The variant, formally known as B.1.1.529, was first identified in Botswana on Nov. 25. Scientists in South Africa later determined that it had been spreading rapidly in both countries, and in the days since it has been spotted in travelers to Australia, Austria, Belgium, Britain, Canada, Czech Republic, Denmark, Germany, Israel, Italy, the Netherlands, Portugal, Spain and Hong Kong.

As more countries announce cases, the World Health Organization said Sunday that Omicron poses a "very high" risk globally, and that the "likelihood of potential further spread of Omicron at the global level is high."

"Depending on these characteristics, there could be future surges of COVID-19, which could have severe consequences, depending on a number of factors including where surges may take place," WHO said in a preliminary brief. "The overall global risk related to [Omicron] is assessed as very high."

WHO added, though, that "evidence for this assessment contains considerable uncertainty" and could change as they learn more.

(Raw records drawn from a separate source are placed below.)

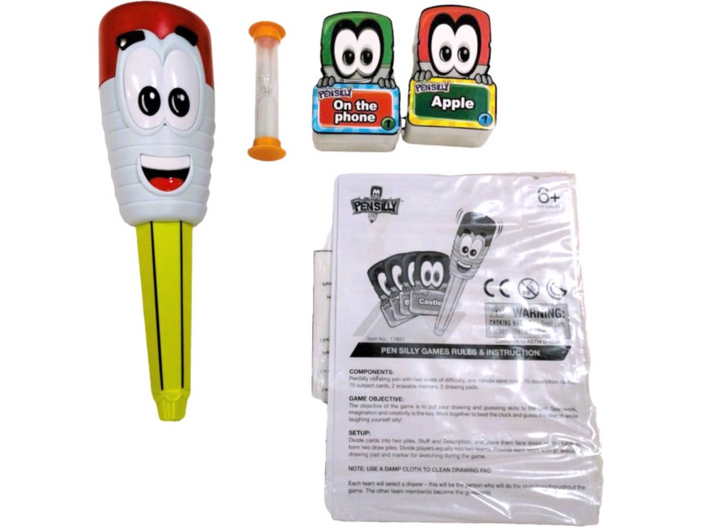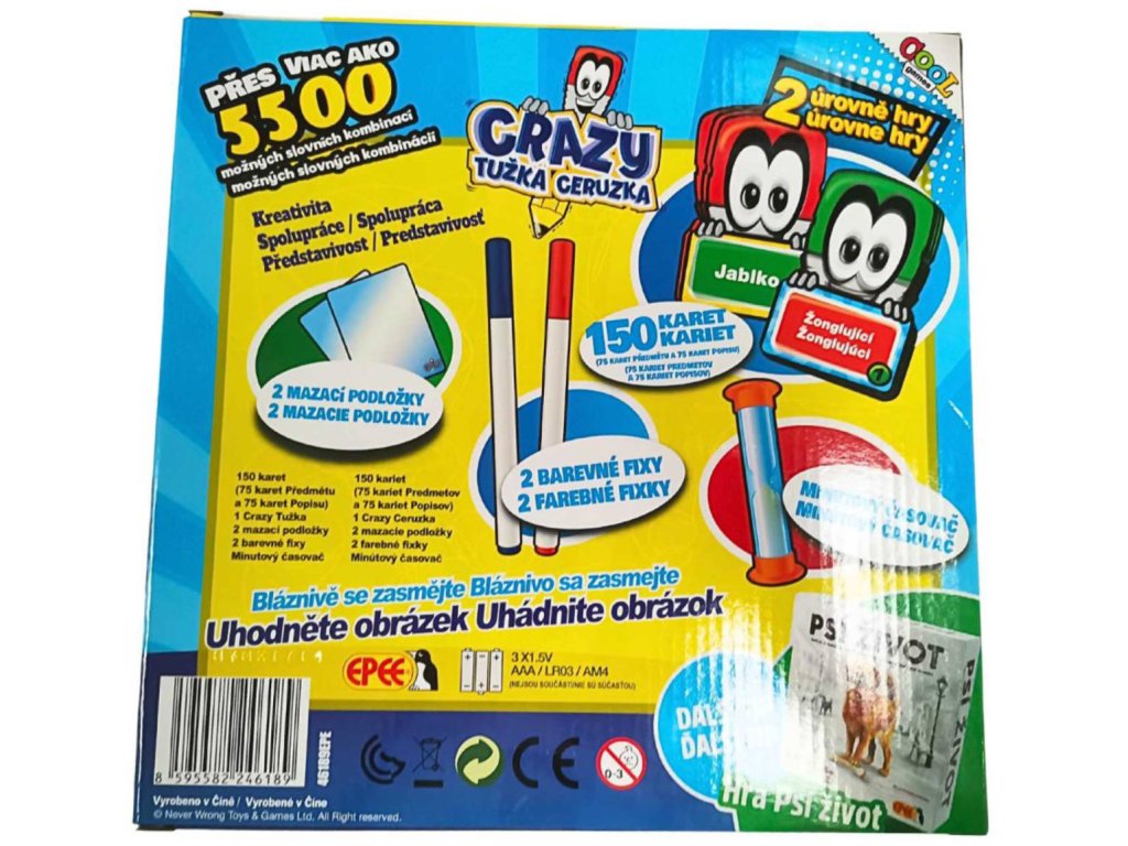Obsah balení: 150 karet (75 karet Předmětů a 75 karet Popisů), Crazy tužka, 2 mazací podložky, 2 barevné fixy, minutový časovač
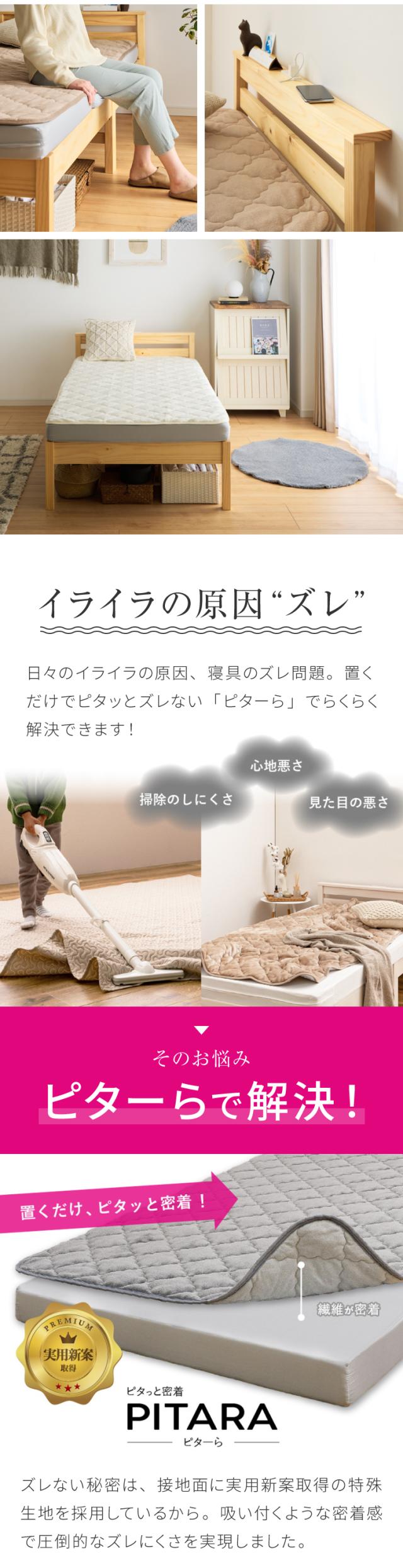 実用新案取得、ズレないマットレス、敷きパッド、ベッドフレーム、セット、PITARA、ピタ—ら、シングル、S、ゴムなし、ずれない、置くだけ、シーツ、三つ折り、高反発、ウレタン、マットレス、セット
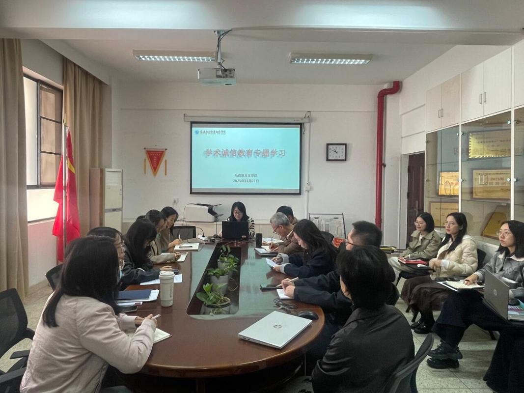 為深入貫徹落實立德樹人根本任務(wù),弘揚求真務(wù)實的學術(shù)精神,營造風清氣正的學術(shù)環(huán)境,2025年11月27日,馬克思主義學院在厚德樓106會議室開展學術(shù)誠信教育專題學習活動?;顒佑神R克思主義學院院長熊美蘭主持,馬克思主義學院全體教師出席本次活動。
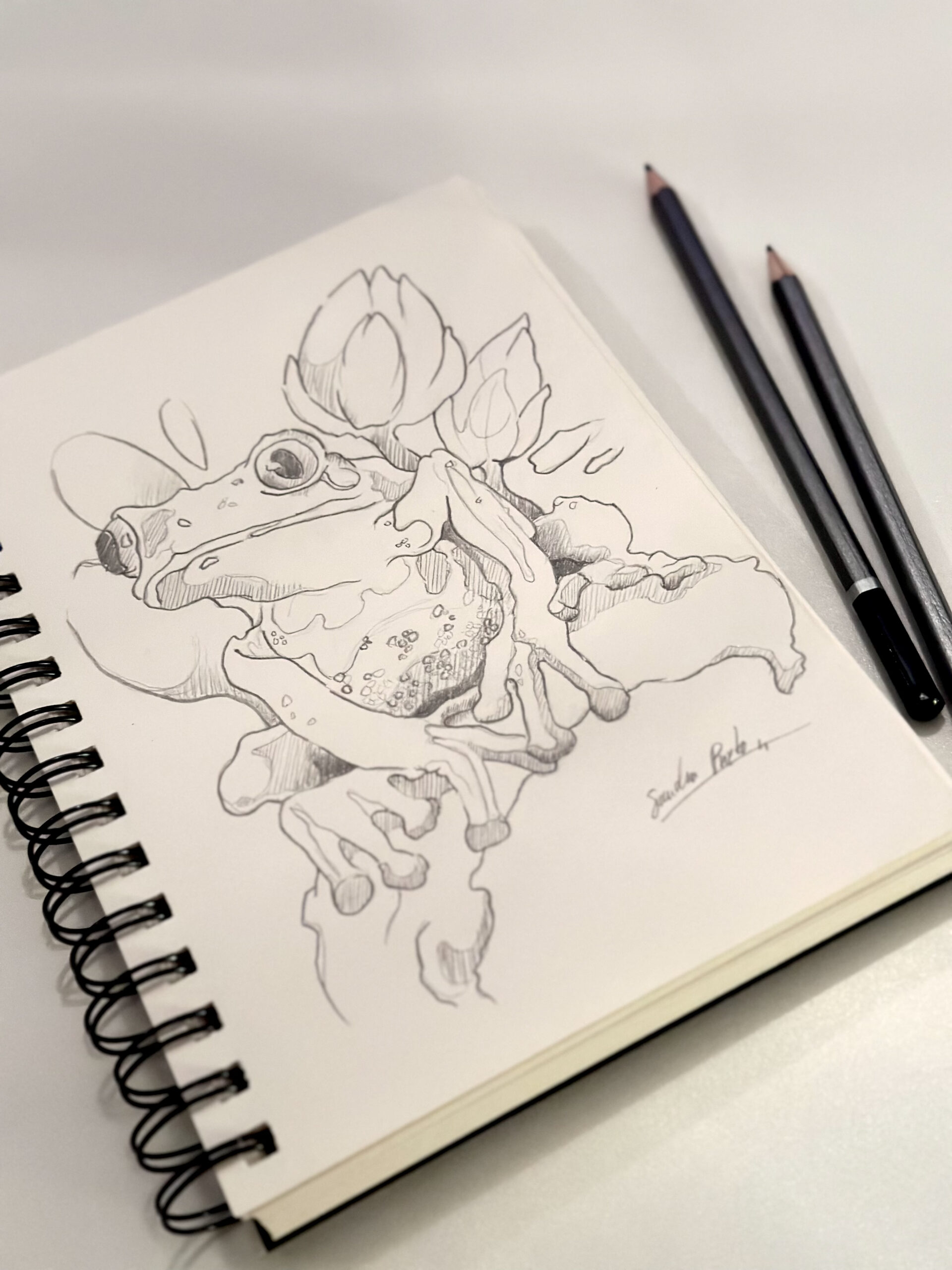 This hand-drawn sketch is created using charcoal pencils, focusing on texture, line weight, and organic form. The il...
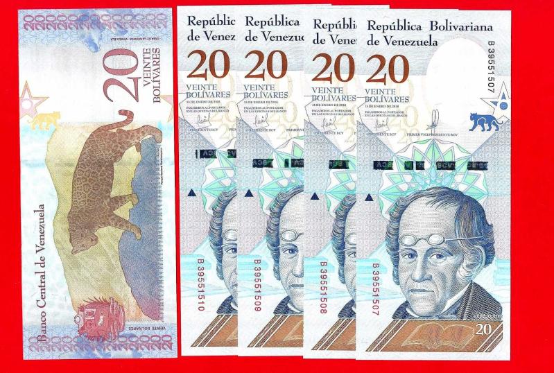 5 Adet Venezuela 20 Bolivares Soberano, 2018, P-104, UNC ÇİL, dün satışa sunulmuştur.
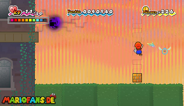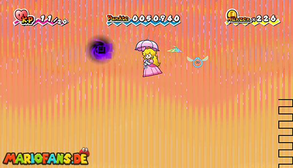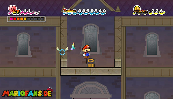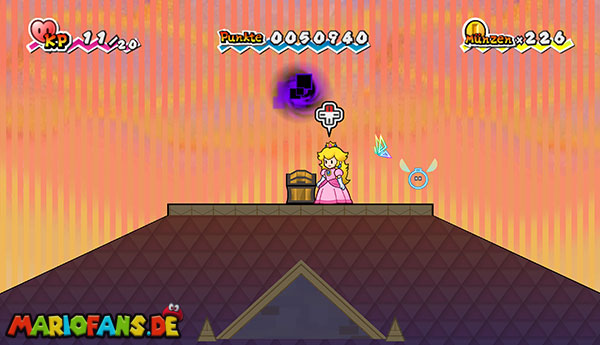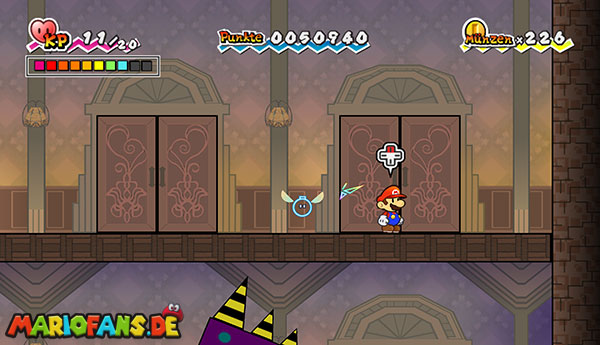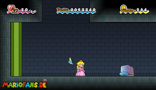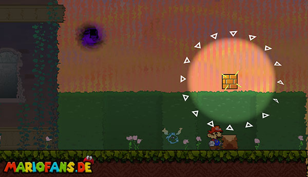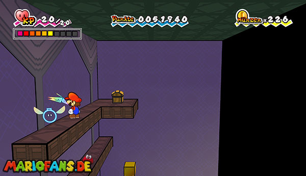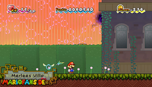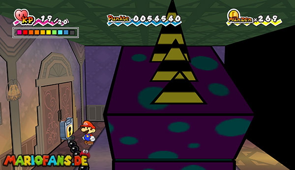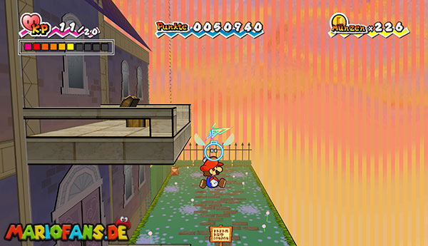 Plündert in 3D den Münzblock links hinter der Hecke. In 2D marschiert ihr rechts bis zum Ende des Abschnittes, steigt auf den Block (vorher mit Tippi sichtbar machen) und hopst hoch, woraufhin eine Kletterpflanze erscheint. Steigt diese nach oben und springt mit Peachs Schirm links runter auf das Hausdach. Öffnet die Kiste, wechselt mit Mario in die 3D-Ansicht und springt schnell (!) nach links auf den Balkon. In 2D öffnet ihr eine weitere Kiste und erhaltet eine Miseria-Karte (078). Springt runter zur Eingangstür und durchschreitet sie.
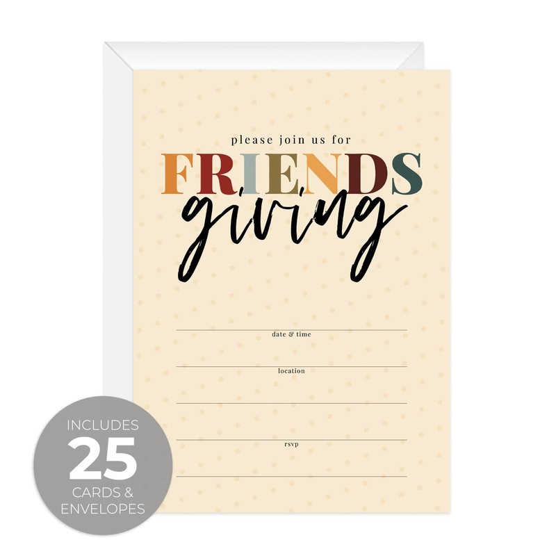 - Includes: Pack of 25 chic fill-in Friendsgiving party invitations.

Here's what is currently known about Omicron.

Is it more contagious?

It is not yet known if Omicron is more contagious than any previous variant, including Delta. The concern, though, is that Omicron carries around 50 mutations which have previously not been seen together in one strain of the virus. Based on those mutations, "you have to assume" that it could be the most contagious yet, Dr. Anthony Fauci, the top infectious disease expert in the U.S., said Saturday.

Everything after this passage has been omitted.